Re: [Beowulf] Java vs C++ for interfacing to parallel library

Robert G. Brown Sun, 20 Aug 2006 15:02:26 -0700

On Sun, 20 Aug 2006, Joe Landman wrote:



Robert G. Brown wrote:

[...]

Java, octave, matlab, python, perl etc. are MUCH WORSE in this regard.
All require NONTRIVIAL encapsulation of the library into the interactive
environment.  I have never done an actual encapsulation into any of


Cant speak to Octave/Java/Matlab.  Python and Perl make this relatively
easy.  In Perl you have the Inline:: modules.  If you have installed
Inline::C, this example

           #!/usr/bin/perl
           use Inline C;
          greet('Joe');

          __END__
          __C__
          void greet(char* name) {
            printf("Hello %s!\n", name);
          }

does this

        [EMAIL PROTECTED]:~]
        105 >./inline.pl
        Hello Joe!

Obviously this is a trivial example, but if you create a reasonable set
of API's that you can express as we have indicated, even pass function
prototypes in using a header file, and a little config stuff at the
front end to give paths to libraries, this is not generally very hard.

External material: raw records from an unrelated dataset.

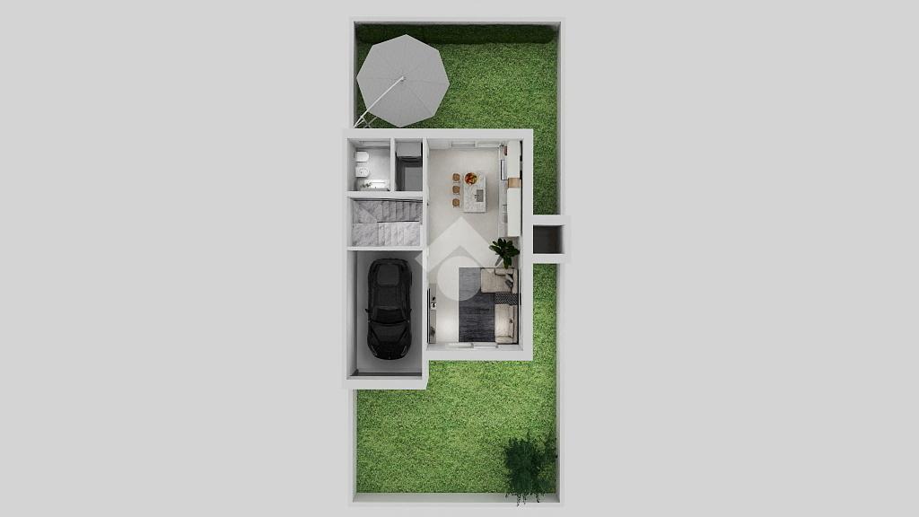 Un ingresso privato consente di raggiungere, tramite un giardino 103 mq, il piano terra dove è possibile trovare un ampio soggiorno - pranzo di circa 35 mq, un bagno finestrato con antibagno ed un garage di 20 mq.
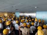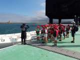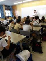 初めてのヨット体験。スタッフの説明を真剣に聞いています。
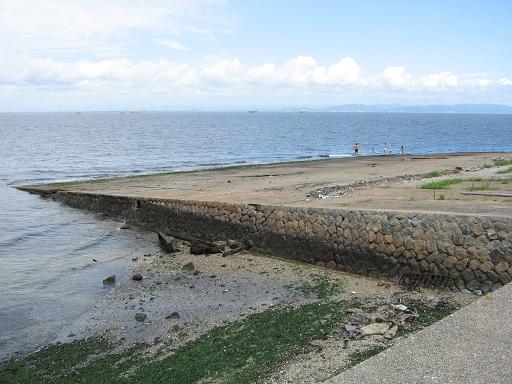 スリップのほか、東側スリップの西側の平坦地に、「エプロン」がある。なんの変哲もない、ひび割れたコンクリートのように見えるが、スリップから飛び立つ水上飛行機を駐機しておく場所であり、遺跡の一部である。 |
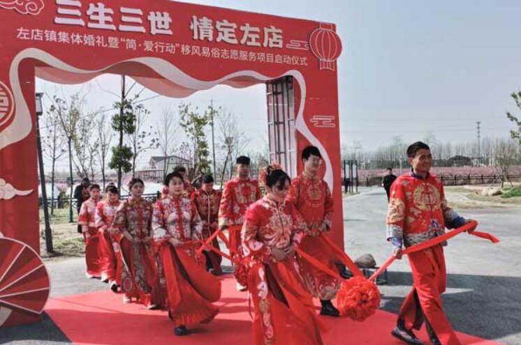 长丰左店乡村振兴示范园里,五百亩桃花盛开,点缀出盈盈乡村春日景。“今日幸为秦晋会,早教鸾凤下妆楼。”3月16日,身着秀禾婚服的五对新人遵循古朴中式习俗,完成三拜礼、结发礼、合卺礼等,在众亲朋见证下正式结为夫妻。
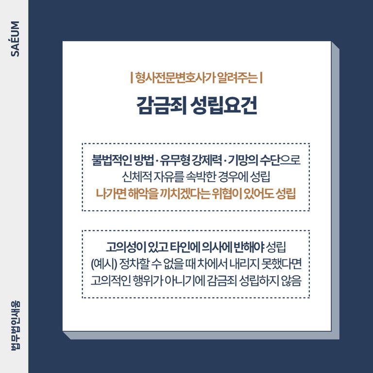 최근에는 헤어진 연인과 가족을 감금하는 일이 화두가 되고 있습니다. 다툼이 있거나 혹은 이별을 통보받은 후 옛 연인과 그 가족들이 밖으로 나가지 못하게 훼방을 놓는 등의 행동으로 상대를 가두면 감금죄가 성립되어 처벌받을 수 있습니다. 오늘은 형사전문변호사와 함께 감금죄 혐의를 의심받을 때 상황별로 어ᄄᅠᇂ게 대응해야 하는지 알아보도록 하겠습니다.
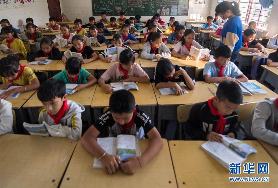 在云南省金平苗族瑤族傣族自治縣者米鄉(xiāng)中心小學(xué),孩子們在教室里上課。云南省逐步在人口較少民族和“直過民族”聚居區(qū)實行從學(xué)前教育到高中階段的14年免費教育(11月13日攝)。新華社記者 胡超 攝
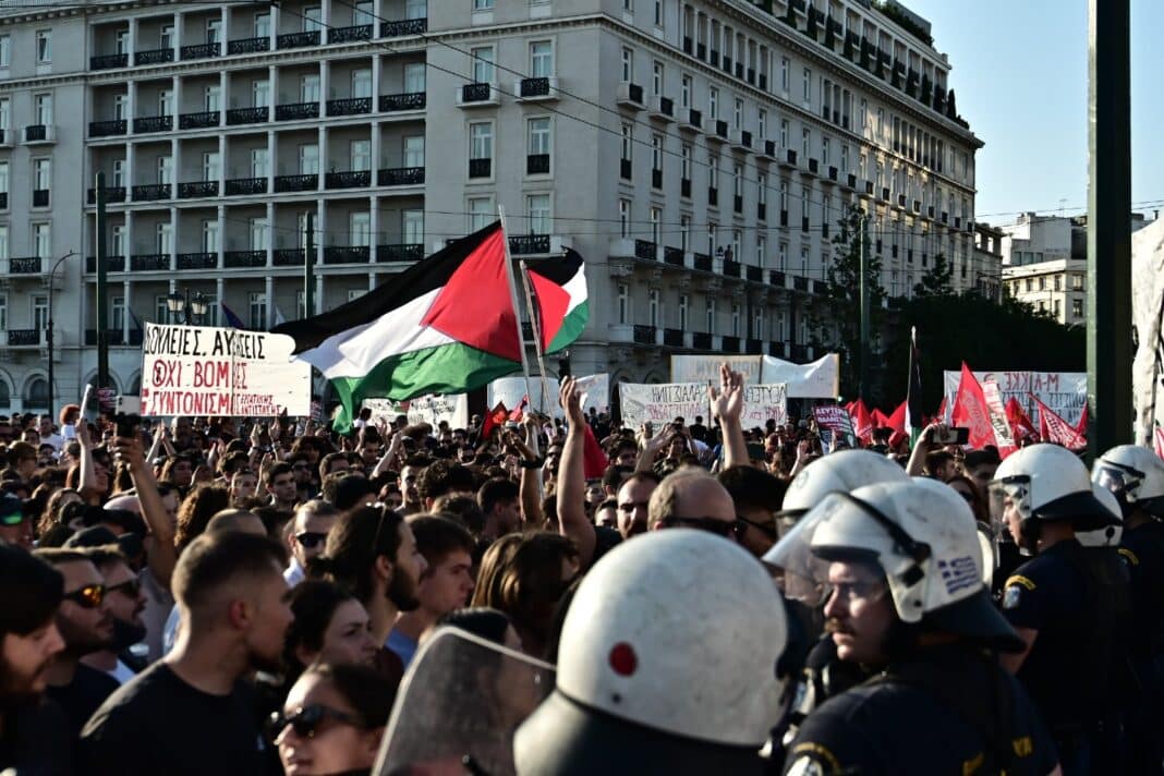 Νέα συγκέντρωση αλληλεγγύης στην Παλαιστίνη πραγματοποιείται αυτή την ώρα στο Σύνταγμα, στο κέντρο της Αθήνας, ύστερα από κάλεσμα της Παλαιστινιακής Παροικίας Ελλάδος για την «Πορεία στη Γάζα».
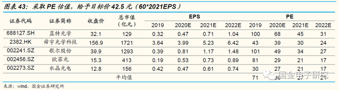 ◾ 我们选取舜宇光学科技、歌尔股份、欧菲光、水晶光电为公司的可比公司,考虑公司业绩增速更快、盈利能力更强,给予公司2021年60倍估值,对应目标价42.5元(60*2021EPS)。
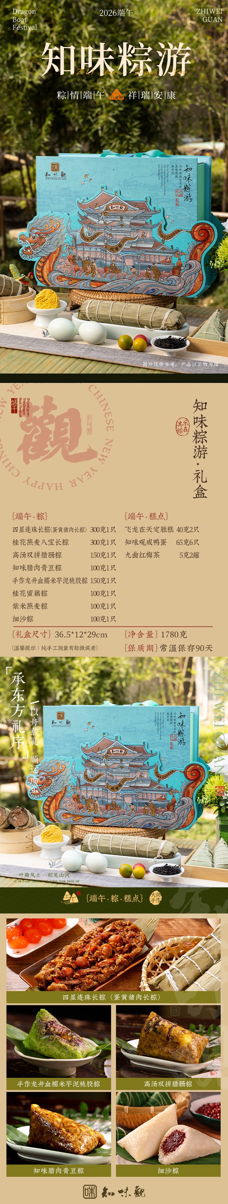 配置清单:300克四星连珠长粽(蛋黄猪肉长粽)*1 300克桂花燕麦八宝长粽*1 150克高汤双拼腊肠粽*1 100克知味腊肉青豆粽*1 150克手作龙井血糯米芋泥桃胶粽*1 100克桂花蜜藕粽*1 100克紫米燕麦粽*1 100克细沙粽*1 40克飞龙在天定胜糕*2只 65克知味观咸鸭蛋*6只 5克九曲红梅茶*2罐

I'm a bit skeptical about this for heavy lifting.  As in, could you
encapsulate the GSL in this way?  I doubt it.

Only when you have some ... odd ... structures or objects passing back
and forth which require a bit more work.


What's an odd structure?  All typedef structs (an object by any other
name) are "odd" in that they aren't part of the standard language
specification.  However C also permits a variety of freeform data
objects created by alloc'ing a block of memory and setting up any form
of offset addressing one needs/likes.

Python has similar facilities.  Generally speaking the dynamic
languanges (Perl, Python, Ruby) are pretty easy to wrap around things
and link with other stuff, as long as the API/data structures are pretty
clean.


Ay, that's the rub...;-) That and what you consider "pretty easy"...:-)

Hmmm... methinks you are thinking of strongly typed languages.  In
non-strongly-typed languages, internal data types are not usually opaque
unless they are objects with well formed classes/accessors behind them.
Even then, the data stores tend to be quite flexible. In Perl (as an
example) you have several types.  SV's (scalar variables), AV's (array
variables), and HV's (hash variables), as well as pointers to the same.
Notice that I didn't talk about ints, floats, etc.  Python has a
similar view, though it's data types include "lower level" types (ints,
floats, ...).  In Ruby, everything is an object.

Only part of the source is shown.